The structure of the book is a collection of fifteen case studies undertaken by Jay over the past 30 years, covering paleontology, survey sampling, legal expertises, physics, climate, and even medieval Norwegian history. Each chapter starts with a short introduction that often explains how he came by the problem (most often as an interesting PhD student consulting project at CMU), what were the difficulties in the analysis, and what became of his co-authors. As noted by the author, the main bulk of each chapter is the reprint (in a unified style) of the paper and most of these papers are actually and freely available on-line. The chapter always concludes with an epilogue (or post-mortem) that re-considers (very briefly) what had been done and what could have been done and whether or not the Bayesian perspective was useful for the problem (unsurprisingly so for the majority of the chapters!). There are also reading suggestions in the other P of U and a few exercises.

“The purpose of the book is philosophical, to address, with specific examples, the question of whether Bayesian statistics is ready for prime time. Can it be used in a variety of applied settings to address real applied problems?”
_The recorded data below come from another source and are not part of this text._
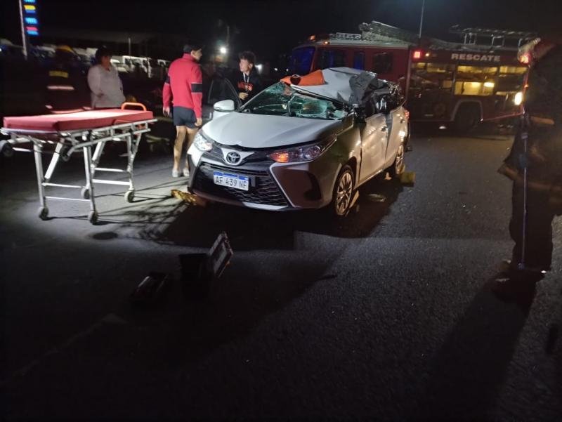 En la madrugada del día de hoy, por razones que se tratan de establecer, en Ruta N° 9 km 205, mano Buenos Aires – Rosario, se produce colisión de automóvil TOYOTA YARIIS, color blanco el cual era conducido por un hombre de 56 años de edad, quien iba acompañado por su hijo también mayor de edad (19), ambos oriundos de la localidad vecina de San Nicolás, aparentemente contra un vehículo de mayor porte, el cual no se hallaba en sitio de los hechos.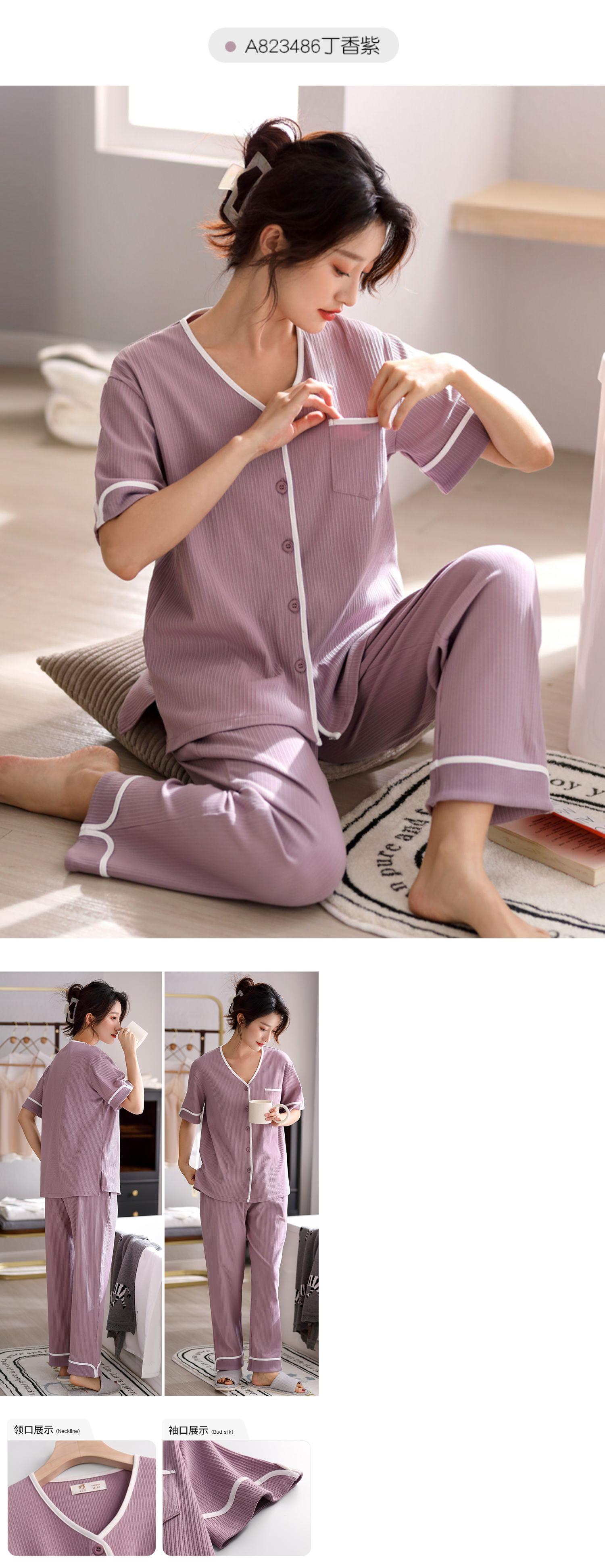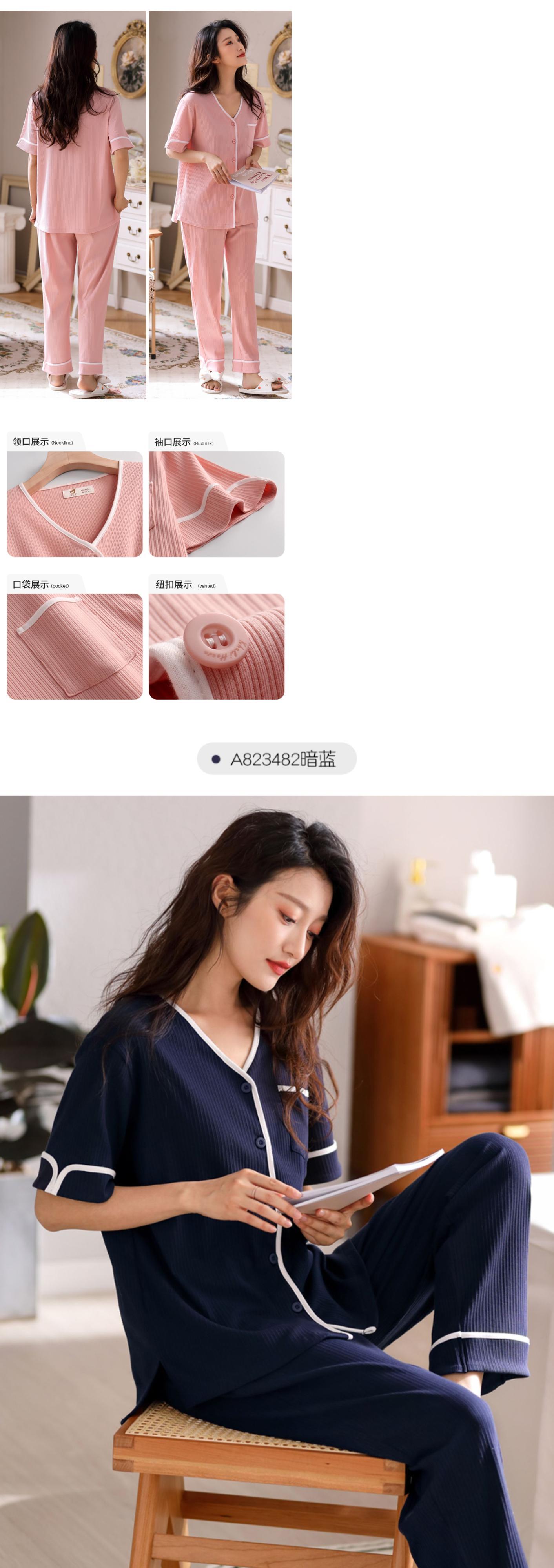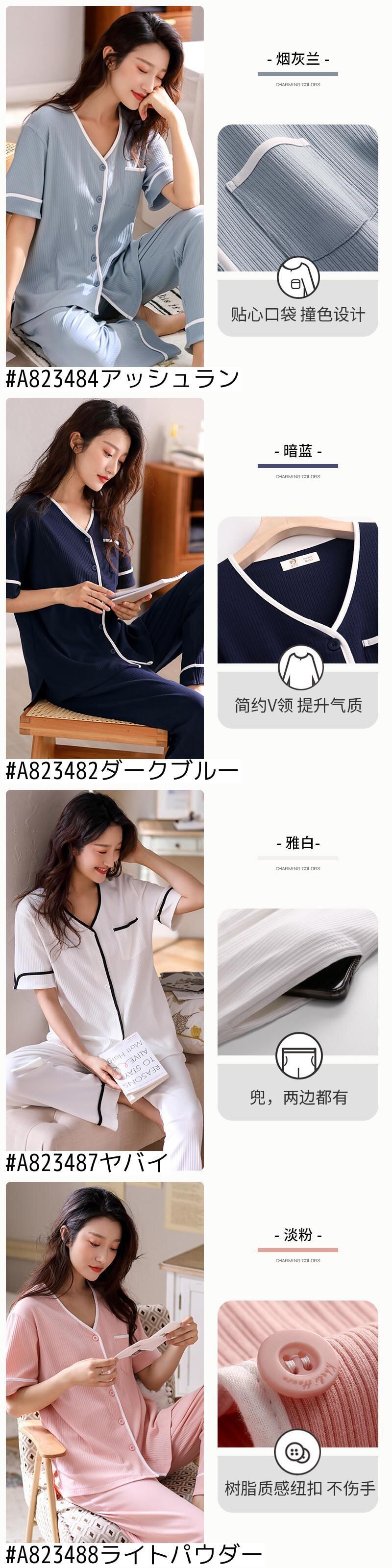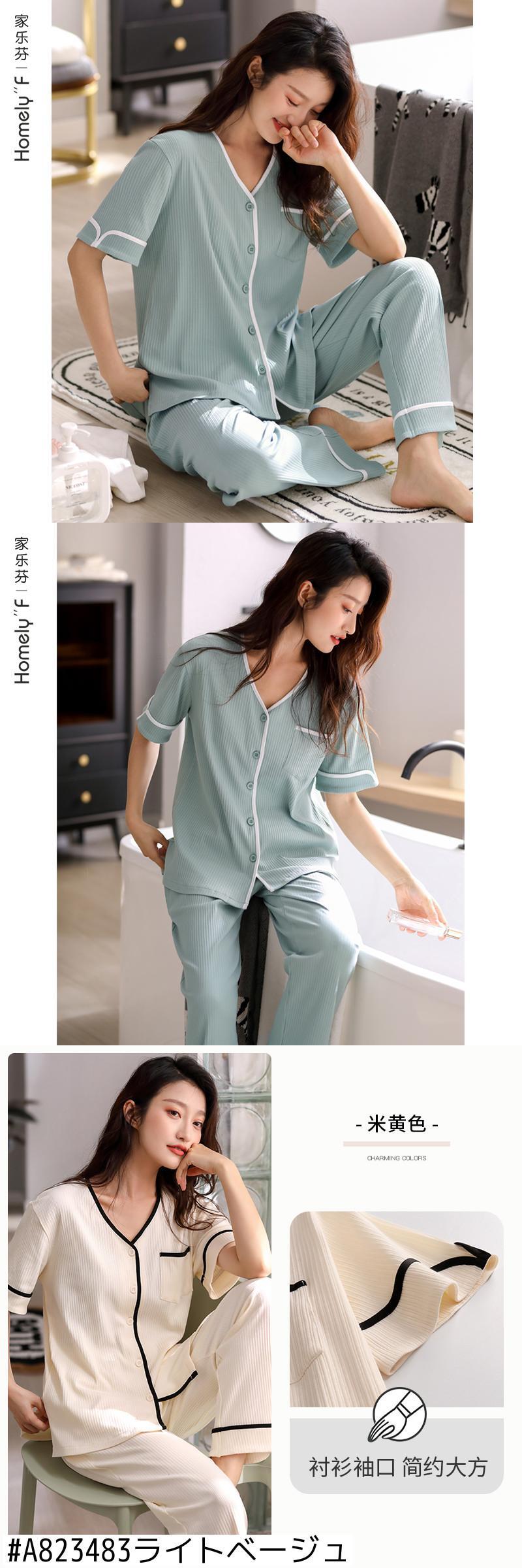 2021年新作パジャマレディースサマー半袖パンツホームウェアサマーシンカーディガンツーピーススーツ jial75335247825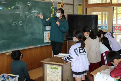 4年生の算数は、少数の割り算です。小数点が出てきて、さっと割り切れないと難易度が跳ね上がります。本時は、よくわからない子に対しての集中講義(?)を行いました。

The book thus comes as a logical complement of the Principles, to demonstrate how Jay himself did apply his Bayesian principles to specific cases and how one can set the construction of a prior, of a loss function or of a statistical model in identifiable parts that can then be criticised or reanalysed. I find browsing through this series of fourteen different problems fascinating and exhilarating, while I admire the dedication of Jay to every case he presents in the book. I also feel that this comes as a perfect complement to the earlier P of U, in that it makes refering to a complete application of a given principle most straightforward, the problem being entirely described, analysed, and in most cases solved within a given chapter. A few chapters have discussions, being published in the Valencia meeting proceedings or another journal with discussions.

While all papers have been reset in the book style, I wish the graphs had been edited as well as they do not always look pretty. Although this would have implied a massive effort, it would have also been great had each chapter and problem been re-analysed or at least discussed by another fellow (?!) Bayesian in order to illustrate the impact of individual modelling sensibilities. This may however be a future project for a graduate class. Assuming all datasets are available, which is unclear from the text.

“We think however that Bayes factors are overemphasized. In the very special case in which there are only two possible “states of the world”, Bayes factors are sufficient. However in the typical case in which there are many possible states of the world, Bayes factors are sufficient only when the decision-maker’s loss has only two values.” (p. 278)

The above is in Jay’s reply to a comment from John Skilling regretting the absence of marginal likelihoods in the chapter. Reply to which I completely subscribe.

[Usual warning: this review should find its way into CHANCE book reviews at some point, with a fairly similar content.]